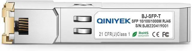 10/100/1000BASE-T SFP to RJ45 Copper Module: Data Rate:10/100/1000M, Interface:RJ45 connector; Reach:up to 100M over CAT.5e Cable Type.
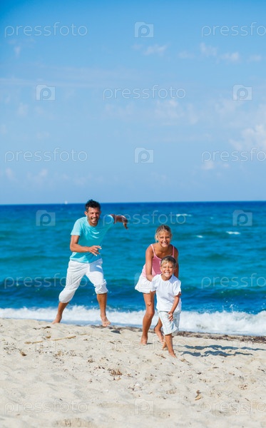 Дети, отец, играя на пляже
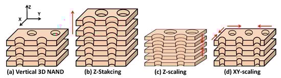 Over the past decade, NAND flash memory technology has been transformed from 2D NAND to 3D NAND. As of today, the 8th generation of 3D NAND (i.e., the number of NAND bit cells in a string >200 stack) is about to be ready for mass production. There still exists some technical challenges for next-generation 3D NAND products [], such as retention issue originated from charge trap layer, coupling issue by floating channel structure, and/or manufacturing TAT (turn-around-time) by process complexity, etc. Among them, the device design for achieving higher memory density becomes trickier. In other words, the physical size of NAND bit cell should be aggressively scaled down for higher memory density with better performance and less power consumption as well as cost effectiveness []. When it comes to scaling down the physical dimension of a 3D NAND cell, three possible approaches, i.e., z-stacking, z-direction scaling, and xy-direction scaling, would be available (see Figure 1) []. Showing off how advanced the 3D NAND technology has been, the z-stacking has been the conspicuous approach for implementing high memory density. With the help of the z-direction scaling, the total height of a string was not increased as much as the number of vertical wordlines. In reality, the height of vertical channel hole has increased by 1.5 times, while the number of vertical wordlines (i.e., the number of 3D NAND bit cells in a string) has increased by two times []. It is expected that the pitch between two neighboring channel holes becomes widened, as long as the vertical channel hole is slightly tilted. However, the pitch along the xy-direction was not increased with the help of improved dry etching techniques as well as the adoption of double-deck etching scheme (i.e., two separate etching steps for a single channel hole) [].
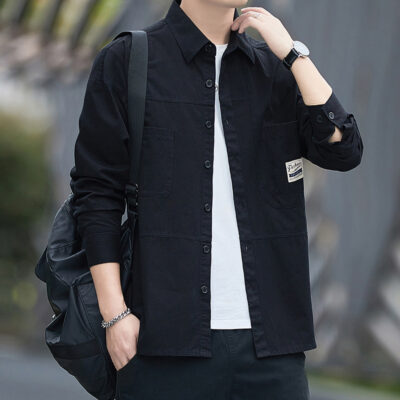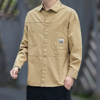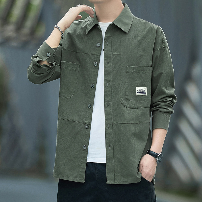 Nam Dài Tay Áo Sơ Mi Mùa Xuân Và Mùa Thu 2023 Dụng Cụ Dáng Rộng Cardigan Top Quần Áo Cotton Nguyên Chất Ve Áo Sơ Mi Áo Khoác Nam
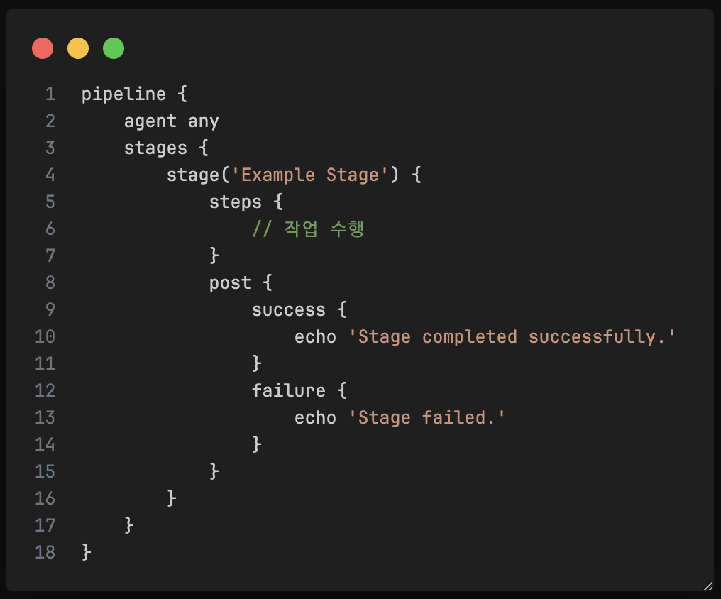 - post 블록은 파이프라인이나 스테이지가 완료된 후에 실행할 작업을 정의한다. 다양한 상태에 따라 다른 작업을 수행할 수 있다.

===============

→ **YOUR INSTRUCTIONS**
All entries need to be duplicated exactly, apart from the images.

→ **EXERCISE ANSWER**
 10/100/1000BASE-T SFP to RJ45 Copper Module: Data Rate:10/100/1000M, Interface:RJ45 connector; Reach:up to 100M over CAT.5e Cable Type.
 Дети, отец, играя на пляже
 Over the past decade, NAND flash memory technology has been transformed from 2D NAND to 3D NAND. As of today, the 8th generation of 3D NAND (i.e., the number of NAND bit cells in a string >200 stack) is about to be ready for mass production. There still exists some technical challenges for next-generation 3D NAND products [], such as retention issue originated from charge trap layer, coupling issue by floating channel structure, and/or manufacturing TAT (turn-around-time) by process complexity, etc. Among them, the device design for achieving higher memory density becomes trickier. In other words, the physical size of NAND bit cell should be aggressively scaled down for higher memory density with better performance and less power consumption as well as cost effectiveness []. When it comes to scaling down the physical dimension of a 3D NAND cell, three possible approaches, i.e., z-stacking, z-direction scaling, and xy-direction scaling, would be available (see Figure 1) []. Showing off how advanced the 3D NAND technology has been, the z-stacking has been the conspicuous approach for implementing high memory density. With the help of the z-direction scaling, the total height of a string was not increased as much as the number of vertical wordlines. In reality, the height of vertical channel hole has increased by 1.5 times, while the number of vertical wordlines (i.e., the number of 3D NAND bit cells in a string) has increased by two times []. It is expected that the pitch between two neighboring channel holes becomes widened, as long as the vertical channel hole is slightly tilted. However, the pitch along the xy-direction was not increased with the help of improved dry etching techniques as well as the adoption of double-deck etching scheme (i.e., two separate etching steps for a single channel hole) [].
 Nam Dài Tay Áo Sơ Mi Mùa Xuân Và Mùa Thu 2023 Dụng Cụ Dáng Rộng Cardigan Top Quần Áo Cotton Nguyên Chất Ve Áo Sơ Mi Áo Khoác Nam
 - post 블록은 파이프라인이나 스테이지가 완료된 후에 실행할 작업을 정의한다. 다양한 상태에 따라 다른 작업을 수행할 수 있다.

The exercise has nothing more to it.